My exercise was part of a laudable program by the now-defunct Knight Center for Specialized Journalism designed to educate journalists who covered critical industries. For four years, as a Washington correspondent, I covered the nuclear power industry during the 1980s.

What’s happening now at the Fukushima nuclear generating station is hardly a simulation, unfortunately. The disastrous core meltdowns and release of radioactive materials from multiple reactors will harm the entire nuclear industry, not just the plant and the community and nation that surrounds it.

There’s plenty of blame to go around but here’s one group of folks who need some self-examination and haven’t stood up to take their lumps: public relations practitioners.

It’s easy to blame the engineers, who easily fit the professional stereotype of not “getting” proactive communication, or Japanese business culture (see Toyota and other recent crises for emphasis) or even the nuclear industry itself, which has been so effectively proclaiming a “Renaissance” that most citizens of the world know little about it.

It’s time to take to task the one group of people who could most effectively have helped the communication-challenged in managing this disaster and preventing the perhaps fatal reputational damage it has caused: public relations pros.

It’s funny how far too many PR types are happy to bask in the transient glory of marketing the latest pink cell phone variant with some D-list celebrity gimmick and call themselves marketers. When a crisis happens, these same pros love to step forward, thump their chests, proclaim that only PR can handle a crisis, how PR in this sense is not marketing, how the affected industry should have listened to the PR pros, etc., etc. It’s all very self-serving and even disingenuous.

I’ve spent most of my career in journalism and PR avoiding the pink cell phones and D-listers to work on these sorts of communications issues, and when the hot lights of CNN aren’t on the scene, I rarely see many of my professional colleagues bothering to put their considerable skills to use in preparing industries such as these to deal with the unthinkable, and yes, all too often, inevitable emergencies that are part of life.

It’s as simple as this, as I’ve written earlier — most crises in business are entirely predictable.
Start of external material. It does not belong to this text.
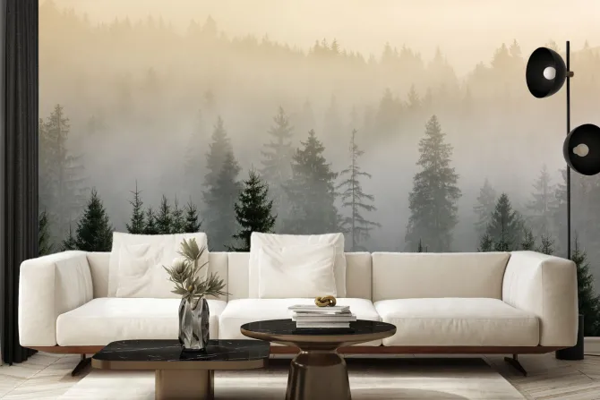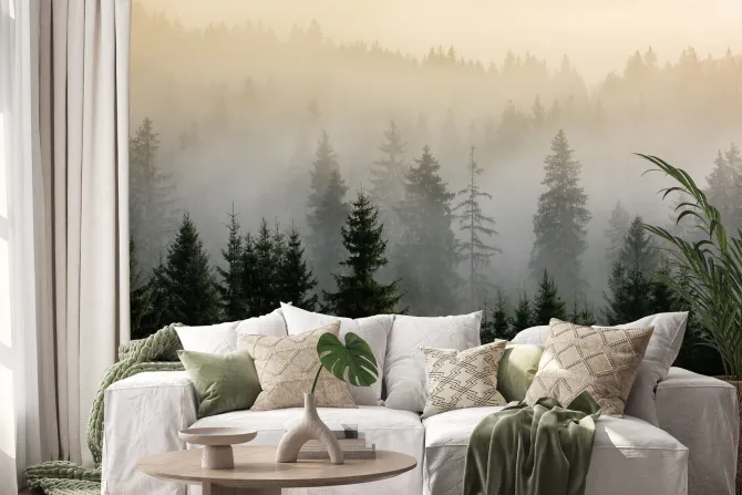 Naklejka: Mglisty poranek nad sosnowym lasem

Isn’t a nuclear meltdown the first thing even nuclear neophytes think about when considering a potential industry crisis? Well, where’s the professional planning to communicate in a way that tells people what they need to know and when? It’s completely absent at Fukushima and now, across the nuclear industry, like some slow-motion game of billion-dollar dominoes, the reputational damage is spreading around the globe.

This is just the latest example of a Groundhog Day like attraction to disaster that the globe’s largest industries seem to have. Despite being flush with cash, they seem to skimp on vital investments in communication, preferring instead to lose billions poorly managing the aftermath of crises like the Gulf oil spill.

At our firm, we’ve worked on many crises but we’ve never in the nuclear industry. There are firms and practitioners who do. I have to ask: What happened? How is it that public relations, which claims to have standards and accreditations and commitments to truth and results, somehow didn’t prepare this industry to manage perhaps the most likely crisis scenario you could imagine?

Here is a life-and-death situation in which the best practice of our profession could have saved the health of thousands if not millions — and protected the reputation of a multi-billion-dollar global industry as well.

I have no answers. I hope some of my colleagues do. We should be held accountable as well.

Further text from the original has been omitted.